New government figures have cast light on the large number of Strictly Orthodox boys who appear to be missing from the school system.
There were 1,735 girls aged from 11 to 15 atttending registered Jewish schools full-time in Hackney, the London borough with the country’s largest Strictly Orthodox community, compared with a mere 256 boys, according to data recently released by the Department for Education.
The figures may not be comprehensive because some Charedi schools are not included in the latest set of data - but they nonetheless indicate the huge difference between girls and boys among the most traditional groups in Strictly Orthodox society.
Whereas girls commonly take a number of GCSEs at school, boys often go to yeshivah at 13, where they receive minimal or no secular education.
Although the government has long been aware of the “missing boys”, it has failed to find a solution.
A DfE document in March 2018 said that tackling children in unregistered educational institutions was “a priority”
But it put the responsibility for doing so on local authorities and Ofsted - and both the inspection service and Hackney council say they need to be given greater legal powers.

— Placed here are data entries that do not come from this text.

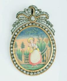 silver and gold, set with aquamarines, miniature on ivory “Peasant woman”, Portuguese,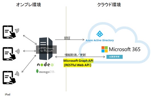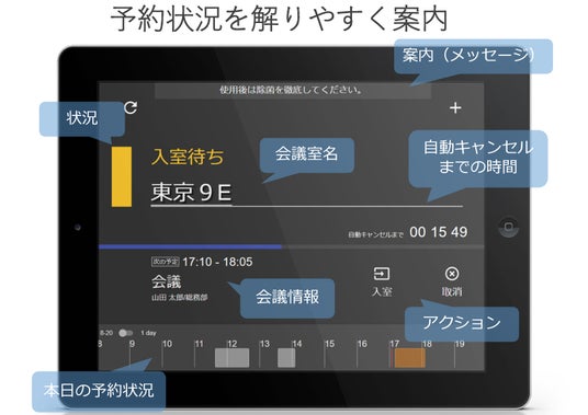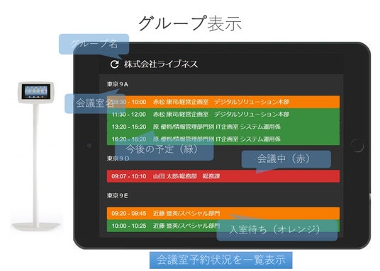 iPad端末で会議室予約状況をひと目で確認するシステムです。会議室の予約は今まで通り「Outlook」から行い、会議前になると予約情報を会議室前のiPad端末で確認できます。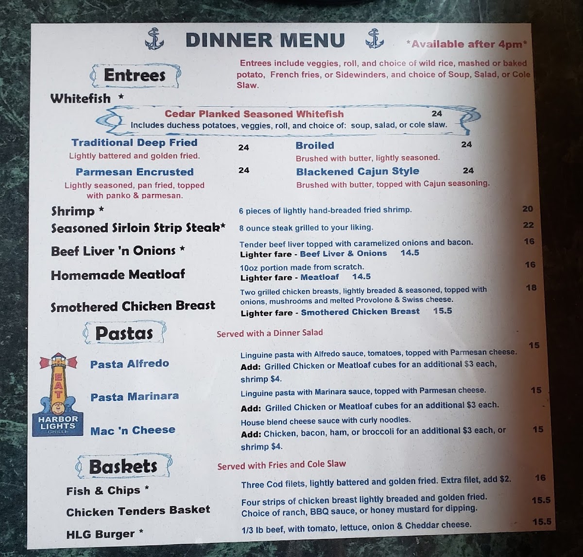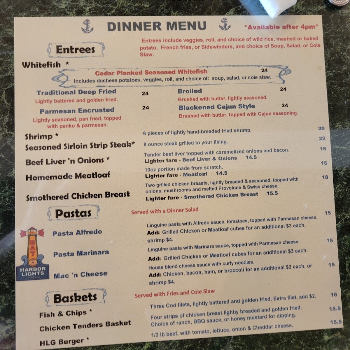 Welcome to Harbor Lights Grille, nestled perfectly along Lake Paradise in Carp Lake, Michigan. This charming eatery boasts a delightful menu that caters to all tastes, offering everything from tantalizing pastas like the creamy Pasta Alfredo to the satisfying Mac 'n Cheese. Customers rave about the HLG Burger and Fish & Chips baskets, showcasing their commitment to fresh, high-quality ingredients.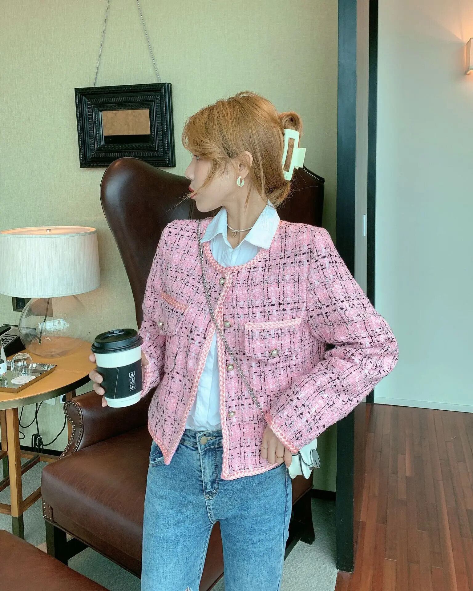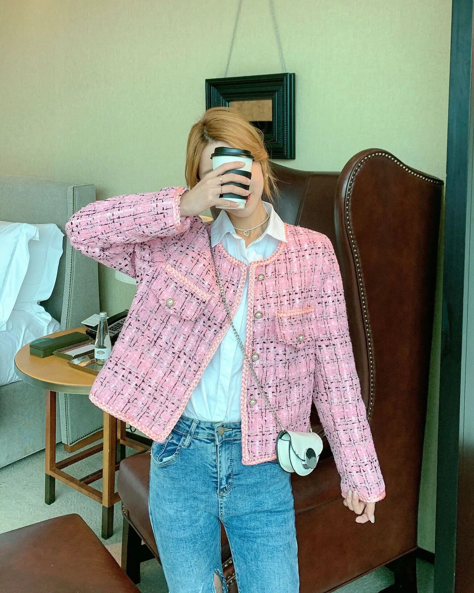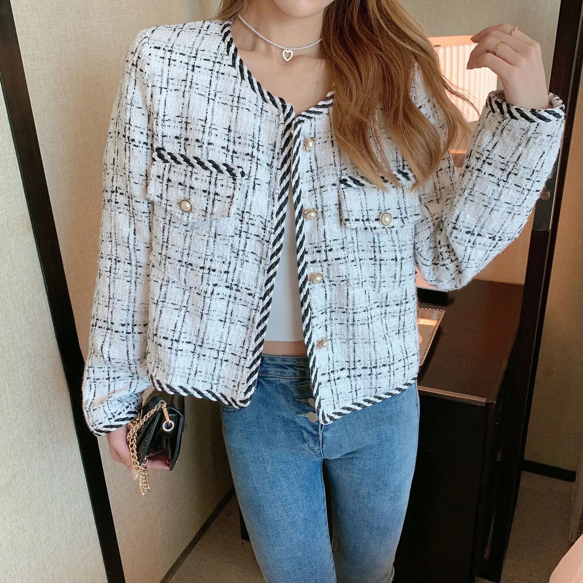 春秋レジャーインコートレディースホワイトピンクラウンドネックツイードジャケットルーズ スプリング 春物 オータム 秋物 Oネック

A report from Hackney published a year and a half ago on unregistered yeshivot warned, “The fact that a section of the population are not receiving the education deemed to be needed to thrive and live independently cannot be parked indefinitely.”
Yeshivot have successfully argued they are not technically schools under the current legal definition and therefore not bound by the same educational rules.
Some in the Charedi community have also pointed out that the highly publicised clashes between Ofsted and registered Orthodox schools have discouraged institutions outside the system to submit to the authority of the state.